> [Work instruction]:
For this exercise, output the entries below exactly from the line that holds "LoveShackFancy Amalo Boyfriend" to the line that holds "In some parts", both ends included. No pictures belong in the copy.

Top of Data for this task

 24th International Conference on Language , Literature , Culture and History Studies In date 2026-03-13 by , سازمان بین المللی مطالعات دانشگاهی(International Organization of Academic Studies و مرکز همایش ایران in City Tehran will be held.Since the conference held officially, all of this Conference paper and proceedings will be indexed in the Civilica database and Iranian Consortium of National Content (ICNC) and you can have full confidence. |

Bottom of Data for this task
Top of Data for this task

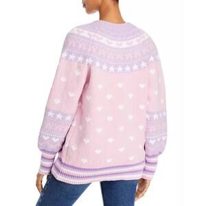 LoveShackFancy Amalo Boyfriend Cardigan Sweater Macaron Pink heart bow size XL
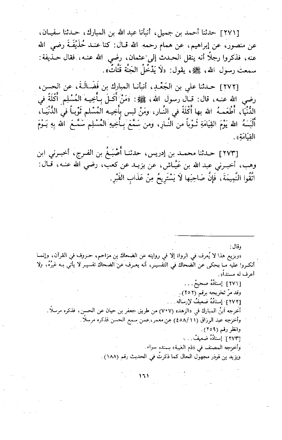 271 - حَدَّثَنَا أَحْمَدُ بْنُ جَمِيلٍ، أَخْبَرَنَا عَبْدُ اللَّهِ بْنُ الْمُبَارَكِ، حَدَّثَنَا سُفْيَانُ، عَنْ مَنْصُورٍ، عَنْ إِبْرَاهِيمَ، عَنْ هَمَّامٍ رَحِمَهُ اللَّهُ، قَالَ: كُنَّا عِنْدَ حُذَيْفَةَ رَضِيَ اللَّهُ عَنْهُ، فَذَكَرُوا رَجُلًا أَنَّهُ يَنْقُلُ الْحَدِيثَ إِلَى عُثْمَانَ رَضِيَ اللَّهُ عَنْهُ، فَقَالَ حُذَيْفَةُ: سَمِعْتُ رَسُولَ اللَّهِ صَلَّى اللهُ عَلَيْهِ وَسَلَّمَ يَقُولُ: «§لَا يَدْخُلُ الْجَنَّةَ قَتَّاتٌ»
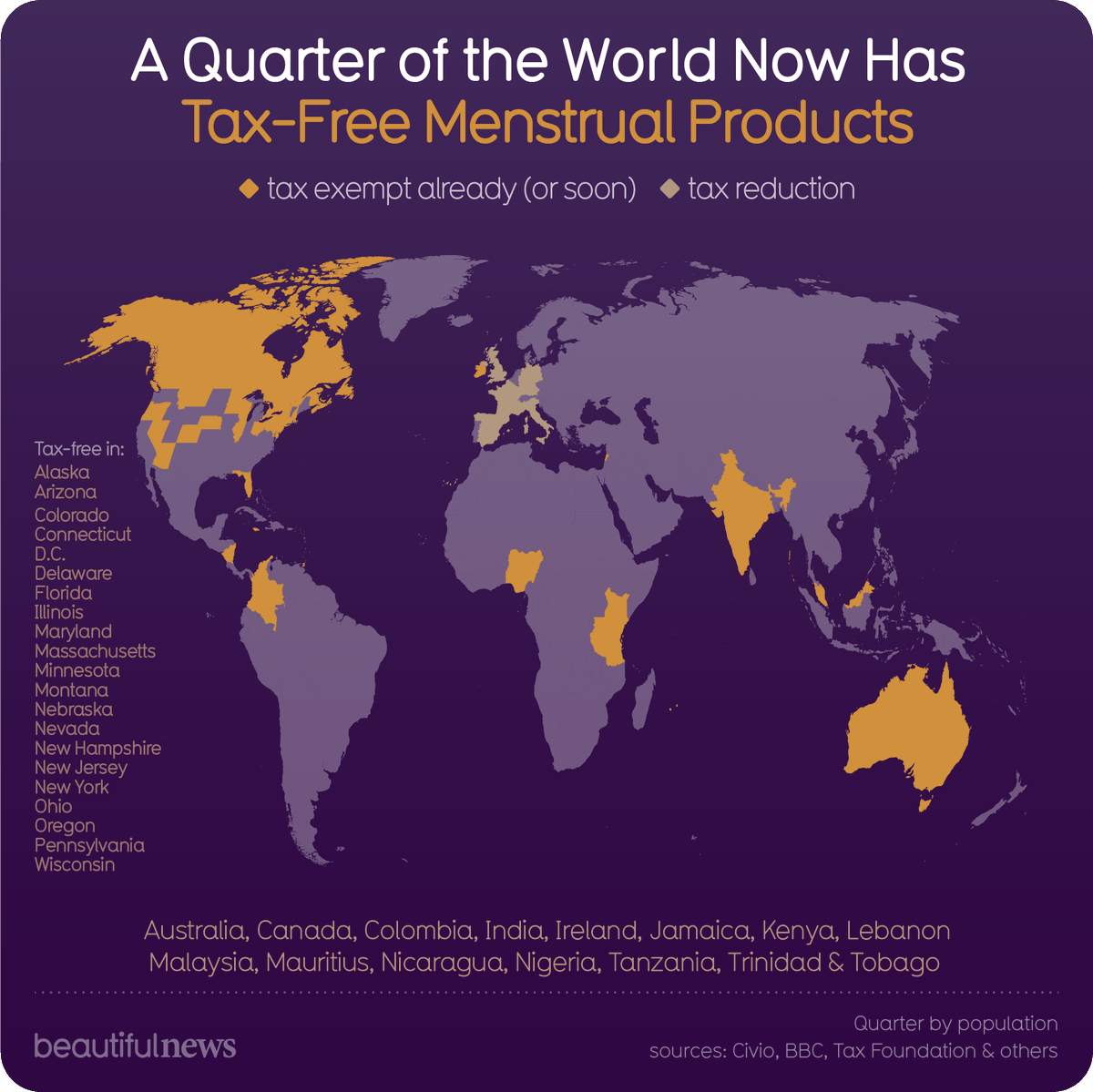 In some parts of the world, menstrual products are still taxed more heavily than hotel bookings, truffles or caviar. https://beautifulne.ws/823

Bottom of Data for this task
Top of Data for this task

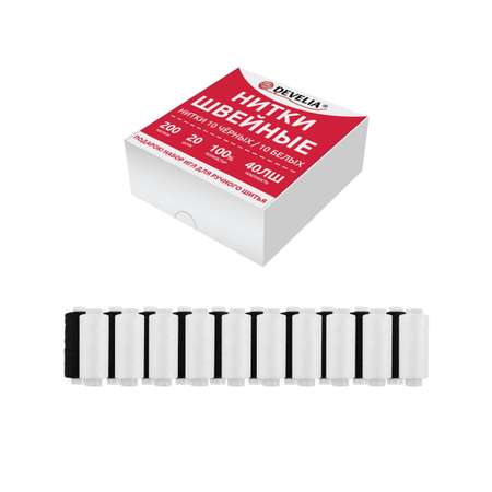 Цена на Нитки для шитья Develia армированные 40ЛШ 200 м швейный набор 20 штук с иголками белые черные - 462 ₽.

Bottom of Data for this task

> [Exercise solution]:
 LoveShackFancy Amalo Boyfriend Cardigan Sweater Macaron Pink heart bow size XL
 271 - حَدَّثَنَا أَحْمَدُ بْنُ جَمِيلٍ، أَخْبَرَنَا عَبْدُ اللَّهِ بْنُ الْمُبَارَكِ، حَدَّثَنَا سُفْيَانُ، عَنْ مَنْصُورٍ، عَنْ إِبْرَاهِيمَ، عَنْ هَمَّامٍ رَحِمَهُ اللَّهُ، قَالَ: كُنَّا عِنْدَ حُذَيْفَةَ رَضِيَ اللَّهُ عَنْهُ، فَذَكَرُوا رَجُلًا أَنَّهُ يَنْقُلُ الْحَدِيثَ إِلَى عُثْمَانَ رَضِيَ اللَّهُ عَنْهُ، فَقَالَ حُذَيْفَةُ: سَمِعْتُ رَسُولَ اللَّهِ صَلَّى اللهُ عَلَيْهِ وَسَلَّمَ يَقُولُ: «§لَا يَدْخُلُ الْجَنَّةَ قَتَّاتٌ»
 In some parts of the world, menstrual products are still taxed more heavily than hotel bookings, truffles or caviar. https://beautifulne.ws/823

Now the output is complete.